- Given material
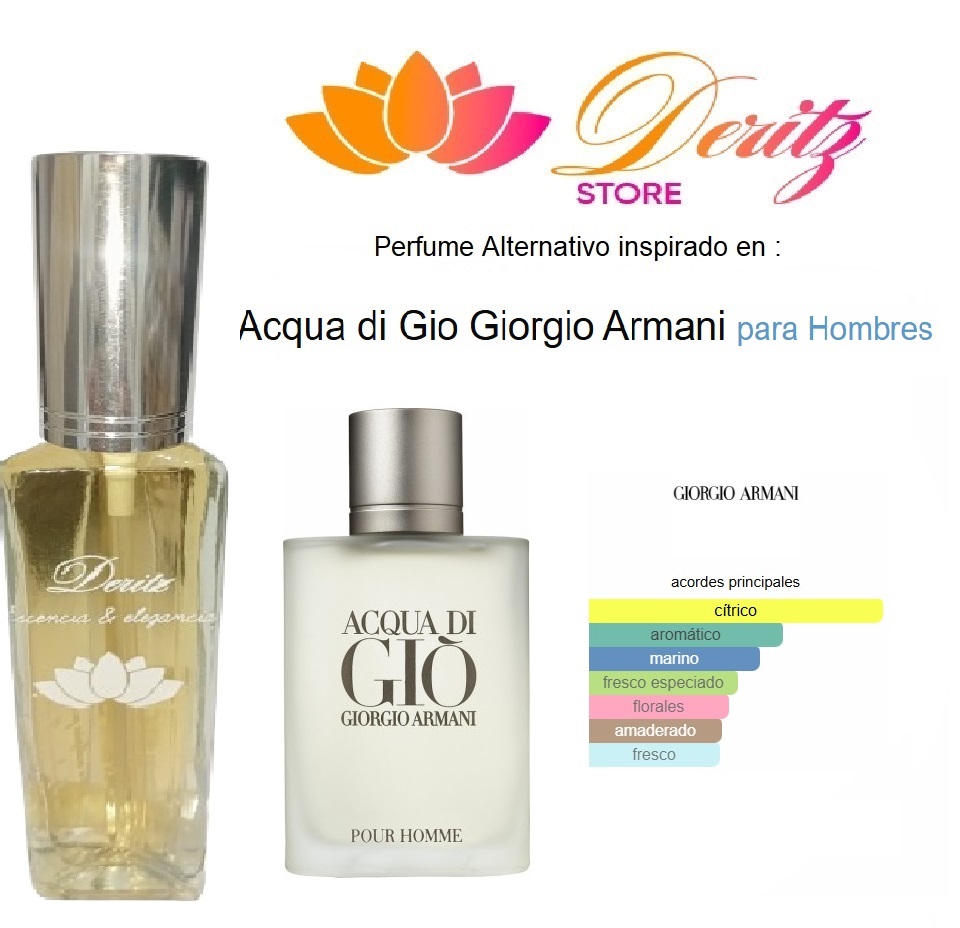 Acqua di Gio de Giorgio Armani es una fragancia de la familia olfativa Aromática Acuática para Hombres. Acqua di Gio se lanzó en 1996. Acqua di Gio fue creada por Alberto Morillas, Annick Menardo y Christian Dussoulier. Las Notas de Salida son lima (limón verde), limón (lima ácida), bergamota, jazmín, naranja, mandarina y neroli; las Notas de Corazón son notas marinas, jazmín, calone, romero, durazno (melocotón), fresia, jacinto, ciclamen (violeta persa), violeta, cilantro, rosa, nuez moscada y reseda (miñoneta); las Notas de Fondo son almizcle blanco, cedro, musgo de roble, pachulí y ámbar.
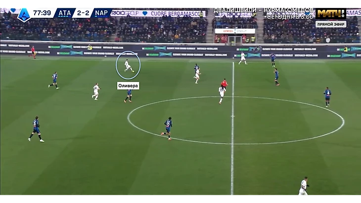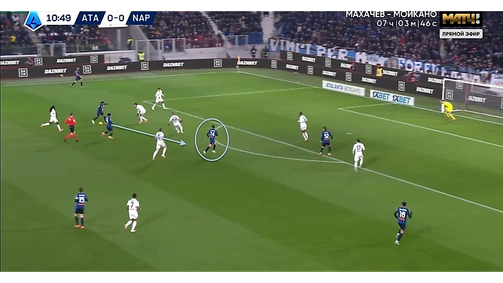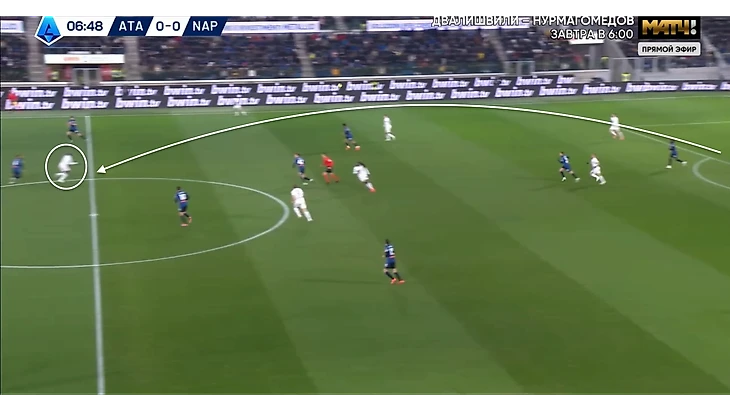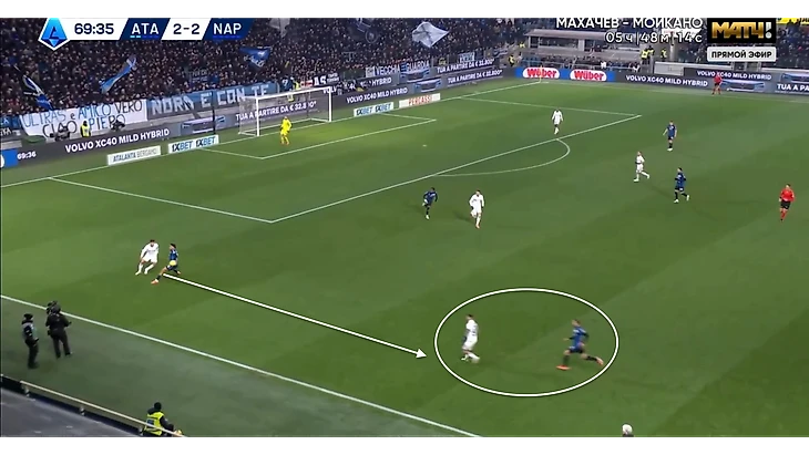 В ситуации с третьим забитым голом «Наполи» отлично воспользовался тем, что «Аталанта» долго перестраивалась после своей неудачной атаки. Таким образом, левый крайний защитник неаполитанцев спокойно дошел до средней трети поля, откуда началось развитие голевой атаки.
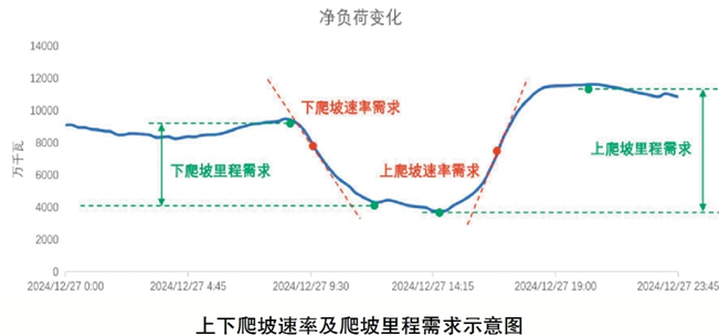 爬坡速率和里程是表征瞬時和持續(xù)爬坡需求及能力的核心指標(biāo)。爬坡是指為應(yīng)對可再生能源發(fā)電波動等不確定因素帶來的系統(tǒng)凈負(fù)荷短時大幅變化,具備較強負(fù)荷調(diào)節(jié)速率的并網(wǎng)主體根據(jù)調(diào)度指令調(diào)整出力,以維持系統(tǒng)功率平衡所提供的服務(wù),可分為上、下爬坡兩類。上爬坡需求難以滿足時可能引發(fā)切負(fù)荷或頻率越限等問題,下爬坡需求難以滿足時可能導(dǎo)致棄風(fēng)棄光。本文針對系統(tǒng)瞬時和持續(xù)爬坡問題分別從爬坡速率和爬坡里程兩方面開展分析,其中爬坡速率需求是指凈負(fù)荷每分鐘變化的最大值,爬坡里程需求則是指凈負(fù)荷日內(nèi)最大連續(xù)上升/下降值。

- What needs to be done
Each line of the data above must be repeated exactly, images excluded.

- Expected answer
 Acqua di Gio de Giorgio Armani es una fragancia de la familia olfativa Aromática Acuática para Hombres. Acqua di Gio se lanzó en 1996. Acqua di Gio fue creada por Alberto Morillas, Annick Menardo y Christian Dussoulier. Las Notas de Salida son lima (limón verde), limón (lima ácida), bergamota, jazmín, naranja, mandarina y neroli; las Notas de Corazón son notas marinas, jazmín, calone, romero, durazno (melocotón), fresia, jacinto, ciclamen (violeta persa), violeta, cilantro, rosa, nuez moscada y reseda (miñoneta); las Notas de Fondo son almizcle blanco, cedro, musgo de roble, pachulí y ámbar.
 В ситуации с третьим забитым голом «Наполи» отлично воспользовался тем, что «Аталанта» долго перестраивалась после своей неудачной атаки. Таким образом, левый крайний защитник неаполитанцев спокойно дошел до средней трети поля, откуда началось развитие голевой атаки.
 爬坡速率和里程是表征瞬時和持續(xù)爬坡需求及能力的核心指標(biāo)。爬坡是指為應(yīng)對可再生能源發(fā)電波動等不確定因素帶來的系統(tǒng)凈負(fù)荷短時大幅變化,具備較強負(fù)荷調(diào)節(jié)速率的并網(wǎng)主體根據(jù)調(diào)度指令調(diào)整出力,以維持系統(tǒng)功率平衡所提供的服務(wù),可分為上、下爬坡兩類。上爬坡需求難以滿足時可能引發(fā)切負(fù)荷或頻率越限等問題,下爬坡需求難以滿足時可能導(dǎo)致棄風(fēng)棄光。本文針對系統(tǒng)瞬時和持續(xù)爬坡問題分別從爬坡速率和爬坡里程兩方面開展分析,其中爬坡速率需求是指凈負(fù)荷每分鐘變化的最大值,爬坡里程需求則是指凈負(fù)荷日內(nèi)最大連續(xù)上升/下降值。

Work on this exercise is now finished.